[Start of Attachment]

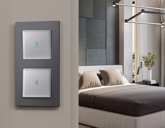 Комплект механизма 1-клавишного проходного выключателя с подсветкой 10000K (голубой свет) ALFA MA402040 Серебро глянец 10A-250V QUANT (AP4020, VM105, G29B)
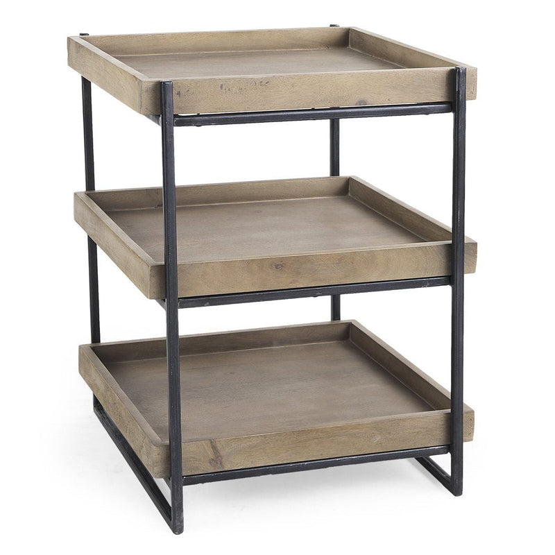 Solid wood creates the charm of the Trey Side Table, blending beautifully with a sleek iron frame. It's designed with three tray-like wooden tops, offering ample space for your essentials. The medium brown finish on the mango wood shelves pairs nicely with the coal-black iron frame, making it a versatile piece for any room. Whether placed beside your sofa, accent chair, or in a cozy corner of your bedroom or office, it adds a touch of modern elegance. This sturdy table not only provides functionality but also enhances the aesthetic of your space, fitting seamlessly into various decor styles.
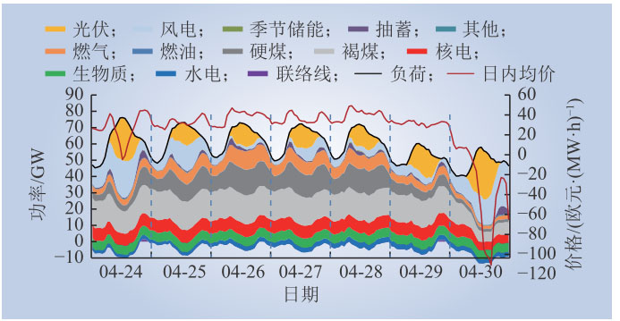 從實際運行來看,新能源按照0電價參與電力市場競價(實際結(jié)算電價還包括政府補貼),以保障優(yōu)先上網(wǎng)。當(dāng)新能源出力高時,電力市場的出清電價下降,甚至出現(xiàn)負(fù)電價,受電價影響,火電、燃油燃?xì)獍l(fā)電等盡可能降低出力,國外電力市場同樣從德國買入電力;當(dāng)新能源出力低時,電力市場出清價大幅上漲,刺激各類靈活電源包括國外電源提高發(fā)出電力。
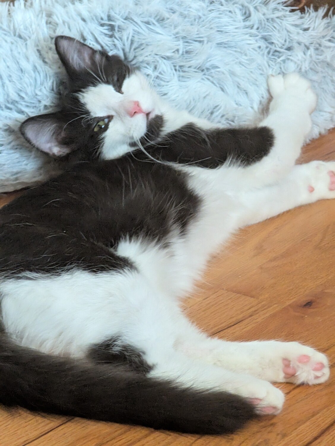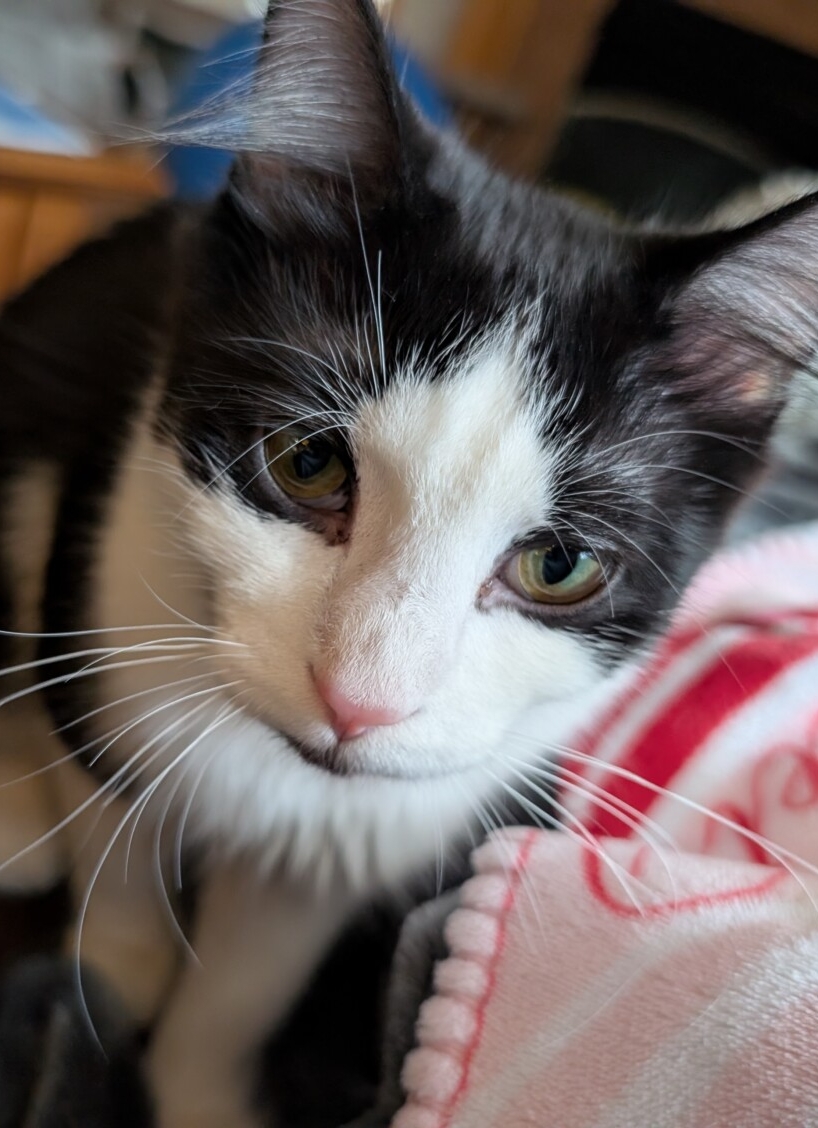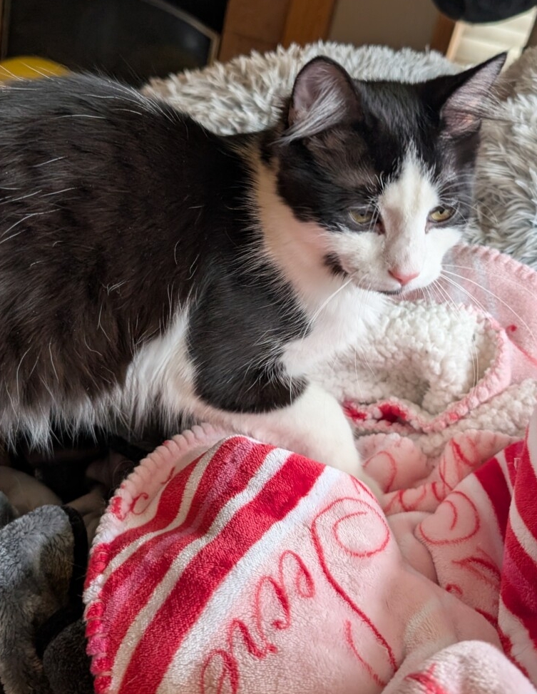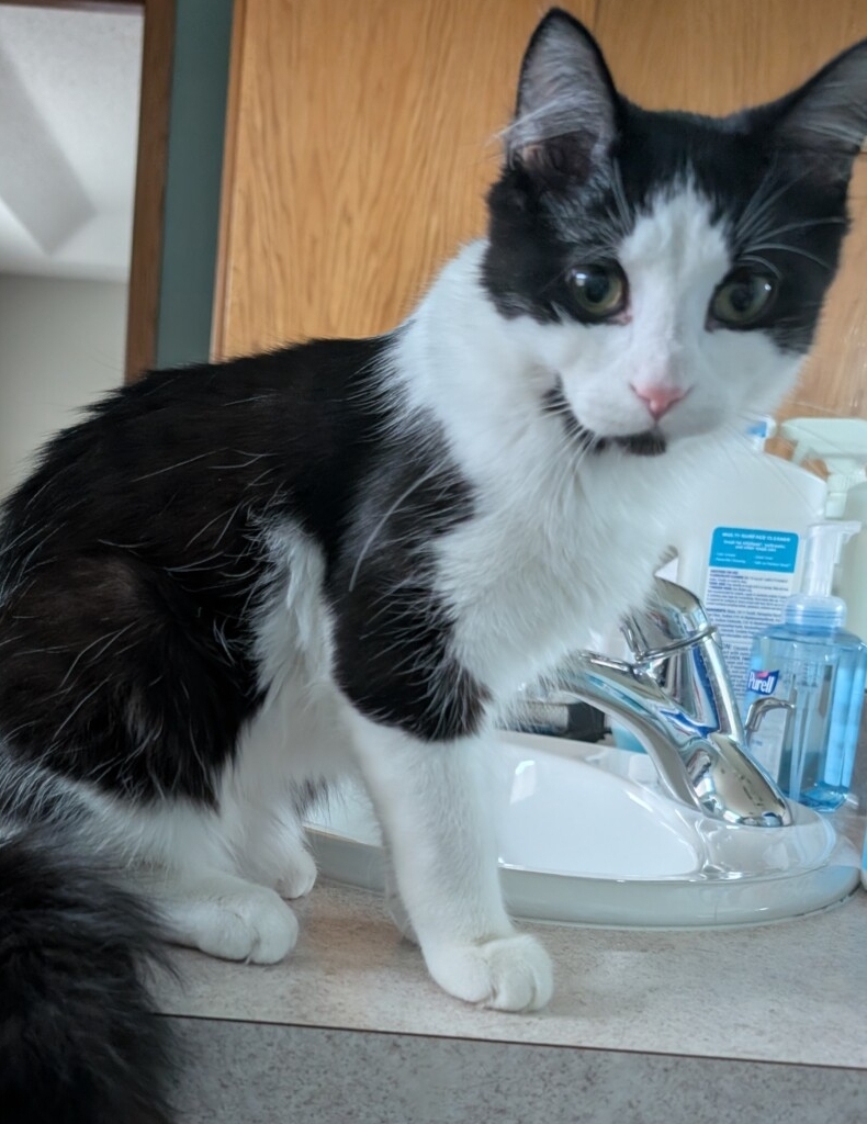JACK is a sweet DOMESTIC MEDIUM HAIR kitten. He is 8 months old. He is a black and white bicolor, has been neutered, and has large hazel/Green eyes. He has all of his claws and is just over 8 pounds. He has been fully vetted, is up to date on shots, dewormed, microchipped, and is FeLV/FIV negative, and is ready to go to his forever home.

[End of Attachment]

The listing above must be retyped word for word, without the pictures.

 Комплект механизма 1-клавишного проходного выключателя с подсветкой 10000K (голубой свет) ALFA MA402040 Серебро глянец 10A-250V QUANT (AP4020, VM105, G29B)
 Solid wood creates the charm of the Trey Side Table, blending beautifully with a sleek iron frame. It's designed with three tray-like wooden tops, offering ample space for your essentials. The medium brown finish on the mango wood shelves pairs nicely with the coal-black iron frame, making it a versatile piece for any room. Whether placed beside your sofa, accent chair, or in a cozy corner of your bedroom or office, it adds a touch of modern elegance. This sturdy table not only provides functionality but also enhances the aesthetic of your space, fitting seamlessly into various decor styles.
 從實際運行來看,新能源按照0電價參與電力市場競價(實際結(jié)算電價還包括政府補貼),以保障優(yōu)先上網(wǎng)。當(dāng)新能源出力高時,電力市場的出清電價下降,甚至出現(xiàn)負(fù)電價,受電價影響,火電、燃油燃?xì)獍l(fā)電等盡可能降低出力,國外電力市場同樣從德國買入電力;當(dāng)新能源出力低時,電力市場出清價大幅上漲,刺激各類靈活電源包括國外電源提高發(fā)出電力。
JACK is a sweet DOMESTIC MEDIUM HAIR kitten. He is 8 months old. He is a black and white bicolor, has been neutered, and has large hazel/Green eyes. He has all of his claws and is just over 8 pounds. He has been fully vetted, is up to date on shots, dewormed, microchipped, and is FeLV/FIV negative, and is ready to go to his forever home.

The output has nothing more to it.